Welcome to the world of data and evidence — a world that may seem like a minefield at first. But don’t give up! In the rest of the unit, we will examine a number of guiding principles to help make sense of various claims and counterclaims.

Thinking about the notion of “raw” data suggests that if data can be “raw,” then it can also be “cooked,” “cleaned,” “processed,” “sanitised,” etc. An example might be if you record an interview with a learner or a teacher, and on playing it back, you want to eliminate the background noise, the pauses, the interruptions and the times when your interviewee hesitated. You may also want to exclude from your report, views or statements that do not support your views or your claims. By the time you present your findings, they are based not only on what you found, but also on what you excluded.

The original recording of the interview is often referred to as “raw” data — meaning data that were found, data that have not been processed, cleaned and formatted. But was that data really “raw”? Imagine that you invited the colleague for an interview, she asked you what the interview was about, and you provided her with a broad outline of what you hoped to achieve. You may have selected her based on a number of criteria (e.g., you were looking for opinions of black females older than 40 who are employed in executive positions), but you also had in mind a number of set questions (whether open-ended or semi-structured) that would guide the conversation.

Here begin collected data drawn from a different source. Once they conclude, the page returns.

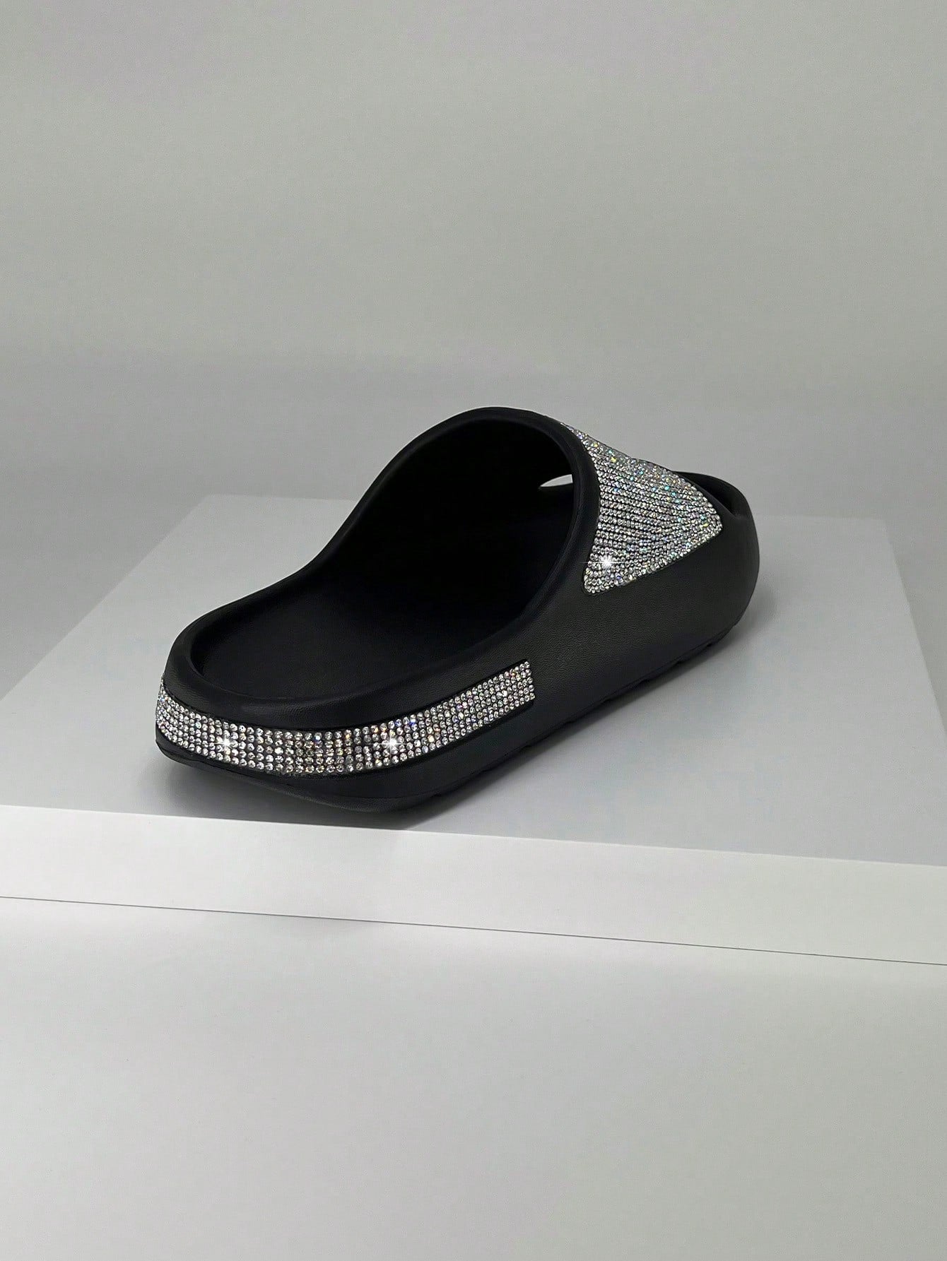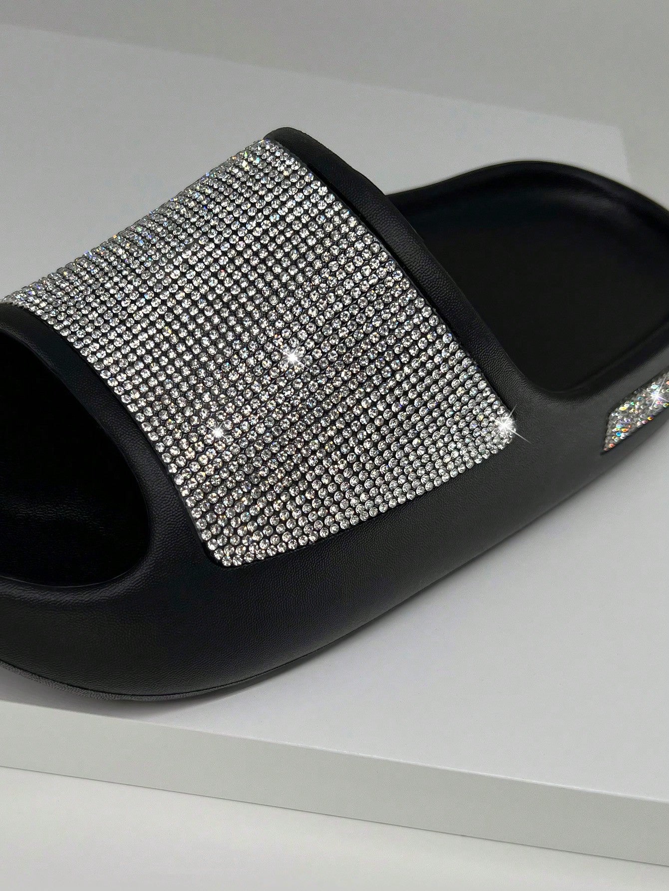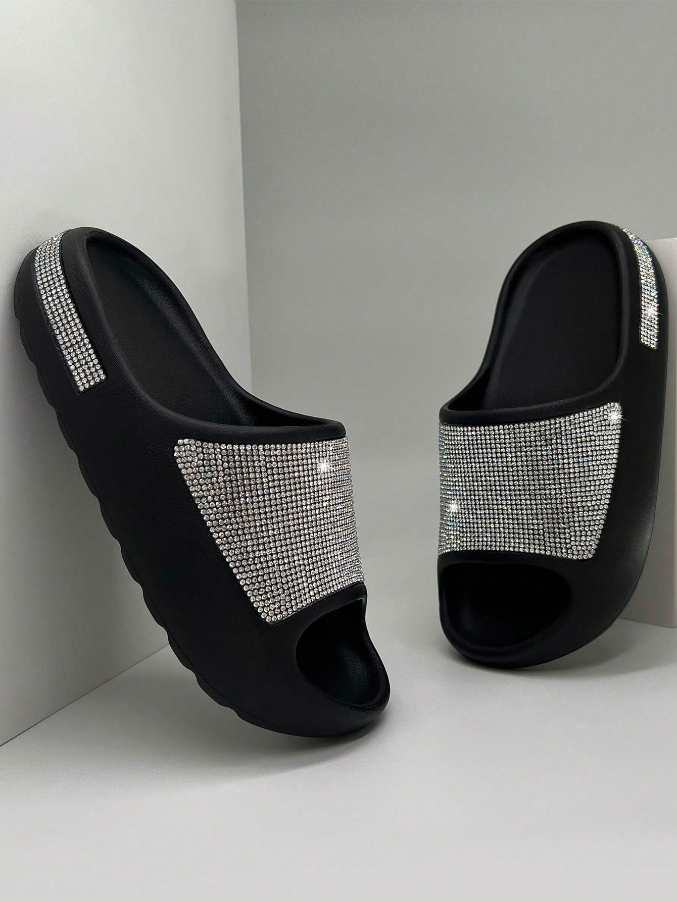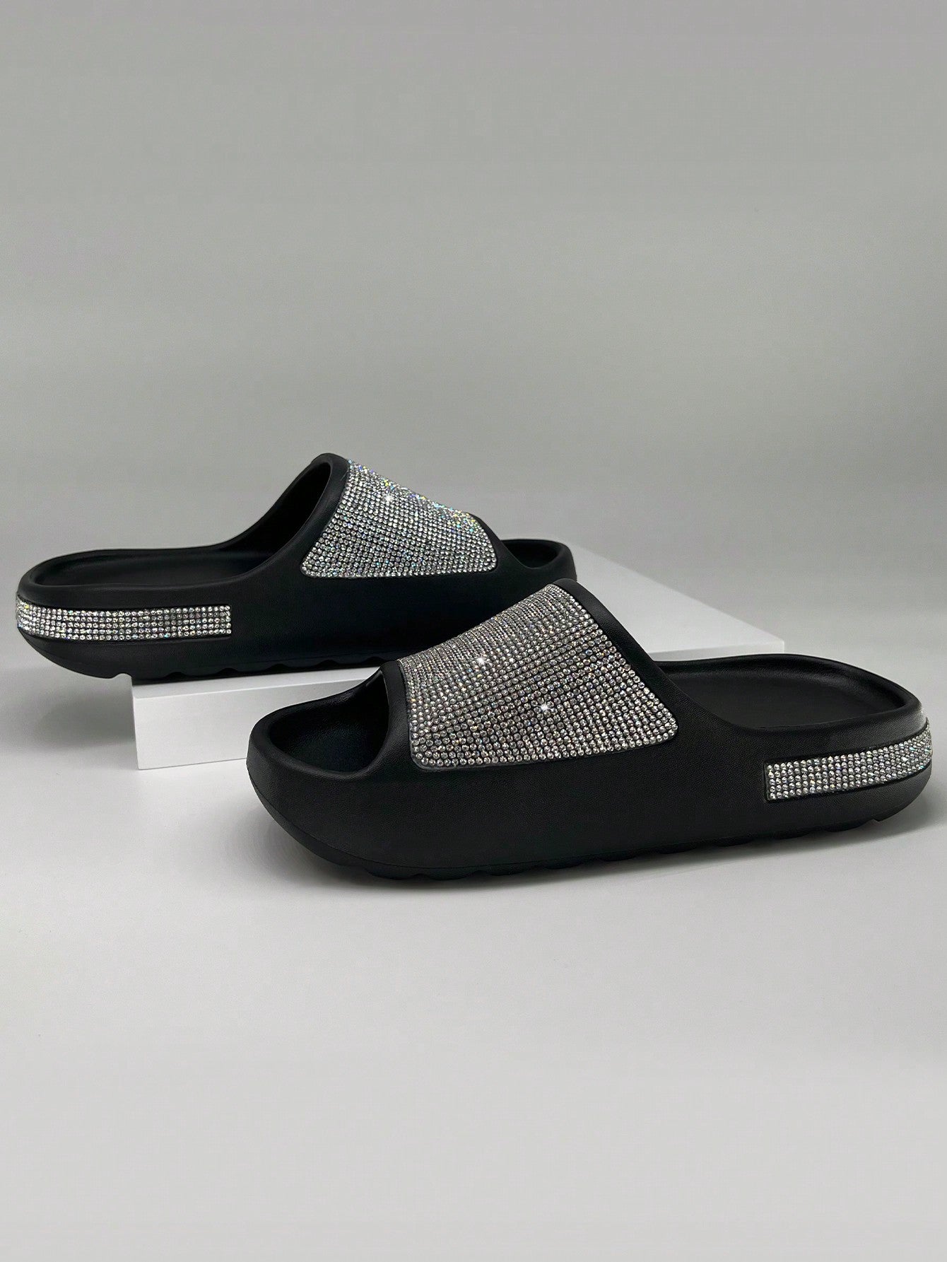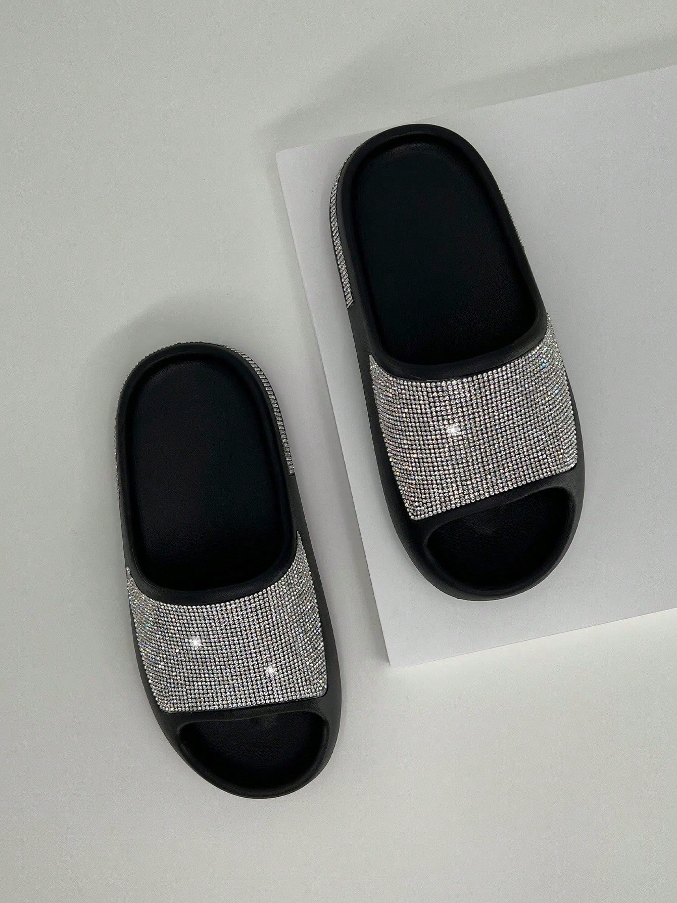 صندل نسائي مسطح بحجر الراين ونعل سميك، شبشب خارجي أنيق، أسود
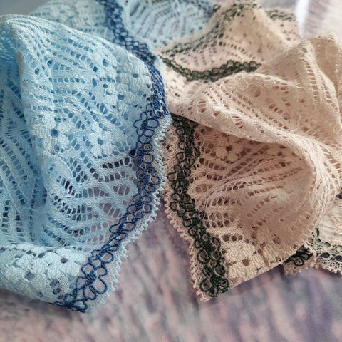 Lace TypeGalloon Laces are distinguished by having scallops or having other shape designs on both edges. They are mostly symmetrical and available in many widths, making them one of the most versatile lace types. These laces are usually elastic and stretchy. So you want to use some lace for something? Get yourself some Galloon laces! |
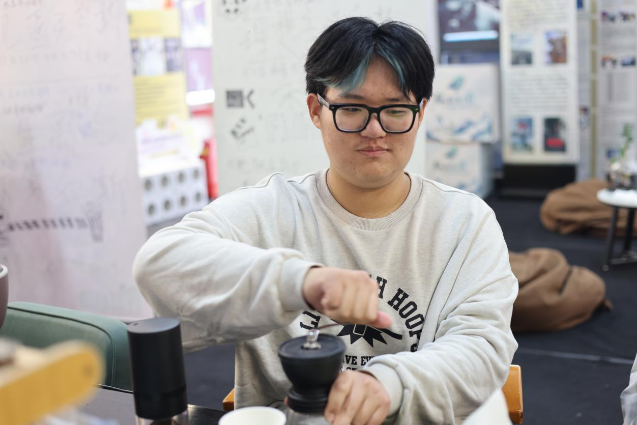 理论学习告一段落后,活动迎来了高潮迭起的亲手实践环节。汶阳113瞬间变身为一个生机勃勃的小型咖啡工坊,研磨声、蒸汽声、惊叹声与欢笑声交织成一首动听的劳动交响曲。
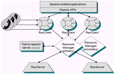 Nuance系統(tǒng)基于開(kāi)放式客戶(hù)/服務(wù)機(jī)結(jié)構(gòu),特別為大型應(yīng)用程序所需的健壯性和可伸縮性而設(shè)計(jì)。呼叫者的講話(huà)由客戶(hù)端收集,而識(shí)別和鑒別處理的負(fù)載被平均分配到網(wǎng)絡(luò)上的多個(gè)分開(kāi)的服務(wù)器上。
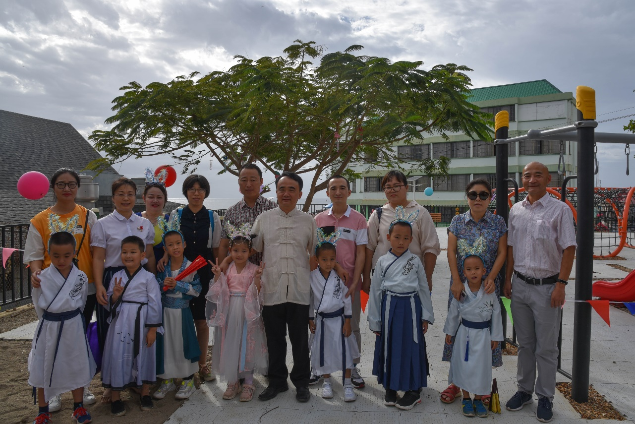 有梦不觉天涯远,李志俊积极参加各类友好活动。2023年驻多使馆举办的春节团拜会上,她作为特邀嘉宾独奏古筝,展示了中国古典乐的独特魅力,这些独出心裁的节目设置为中华文化收获了如潮掌声。2023 年复活节当天举办的中国政府援建的首都儿童游乐场剪彩仪式上,李志俊组织孔子课堂的小朋友身着中华传统服饰上演了一场“汉服秀”,弘扬中华优秀传统文化,赢得现场一致好评。仪式后,李志俊为总理夫妇的孩子赠送并现场为孩子们穿上了汉服,孩子们十分喜欢,林大使也对她竖起了大拇指。
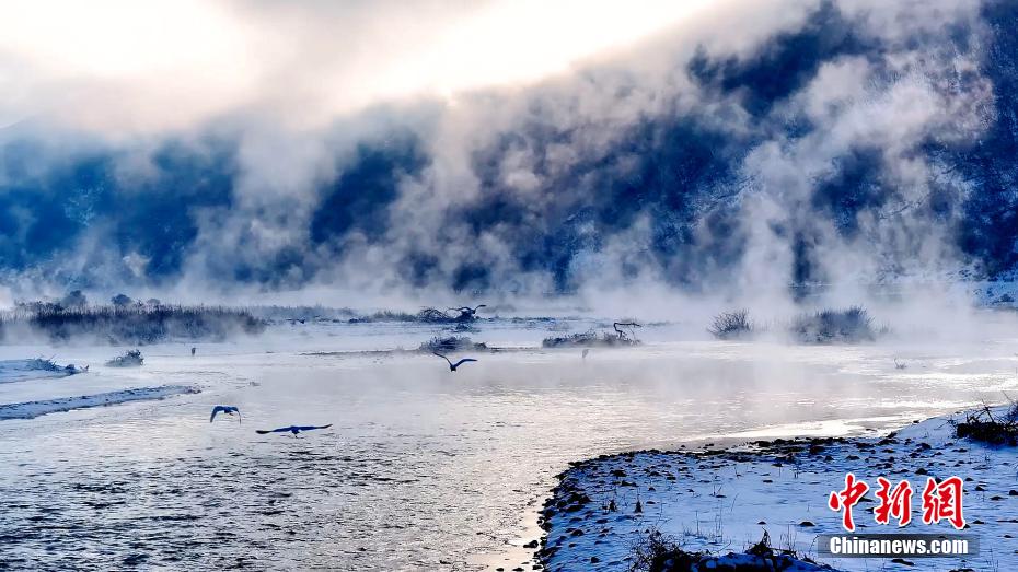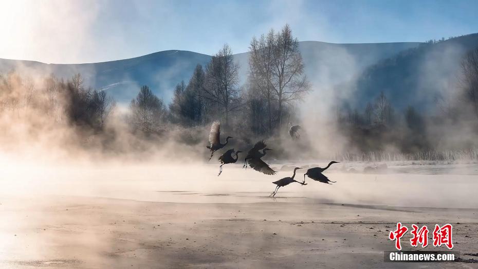 La rivière Haomen, encore partiellement gelée, est bordée d'arbres ornés de givre, tels des robes immaculées. Sur ces scènes, les montagnes brumeuses et voilées se mêlent aux teintes verdatres fumées, tandis que des grues à cou noir dansent gracieusement au bord de la rivière, semblables à des fées évoluant dans un paradis enchanteur.
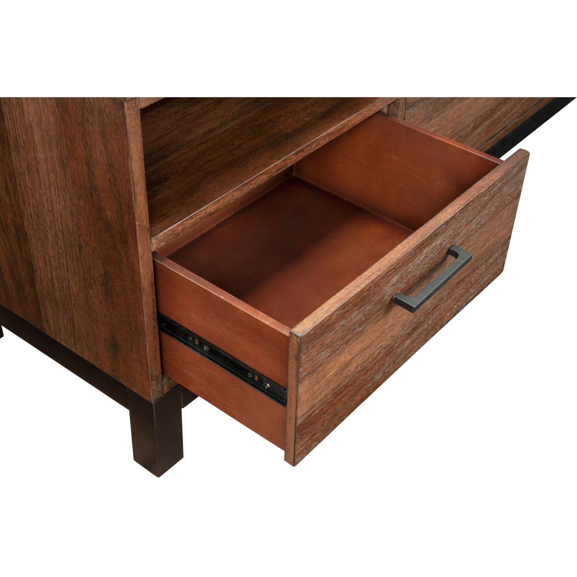 The Weston TV Console stands out with its two-tone light distressed finish, adding an air of sophistication and charm to any living space. It is designed with a sturdy English dovetail drawer construction and metal ball bearing drawer glides, providing its owner with both style and utility. Three open shelves and wire management are included, and the light assembly of legs makes this console as effortless to assemble as it is eye-catching.
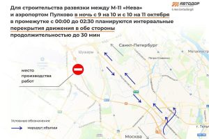 На М-11 «Нева» временно остановят движение ночью 10–11 октября
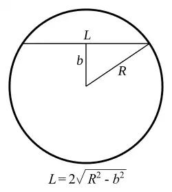 Treating L as a straight line, where b is the distance of this line from the centre. The mean of is therefore

You may have allocated an hour for the interview and arranged for it to take place in a coffee shop. And then you conduct the interview, which you record on a portable voice-recorder. Afterward, you save it as an audio file. When you listen to the audio file, you use software to erase the background noise of the coffee shop, you erase the small talk about her rush to get to the interview in time, and you erase your apologies for being late for the interview because you were stuck in traffic. In transcribing the interview, you do not include her hesitations, her facial expressions or her body language.

Can we really speak about the initial data as “raw”? A number of decisions preceding the recording of the interview shaped the recorded data in ways that suggests they are not raw. Of all the possible candidates, you selected your interviewees based on some criteria, including availability. And what if, although you did not mention it explicitly, you did not consider the available candidates who were female, black, over 40 and in executive positions but were also living with physical disabilities, or were in established heteronormative relationships?

In such a scenario, can we really consider the recorded interview as “raw”? We don’t think so. We hold the position that the decisions that frame the research focus or question, the research methodology, the sample, and the exclusions and inclusions go on to shape the data in a number of ways, and that we cannot and should not talk about data as “raw.” If we also take into account the processing that followed the original recording — the reduction of background noise, the deletion of introductions and small talk, the deletion of hesitations, and the inability of the audio recording to capture facial expressions and body language, we are even more convinced that the final data set was anything but “raw.”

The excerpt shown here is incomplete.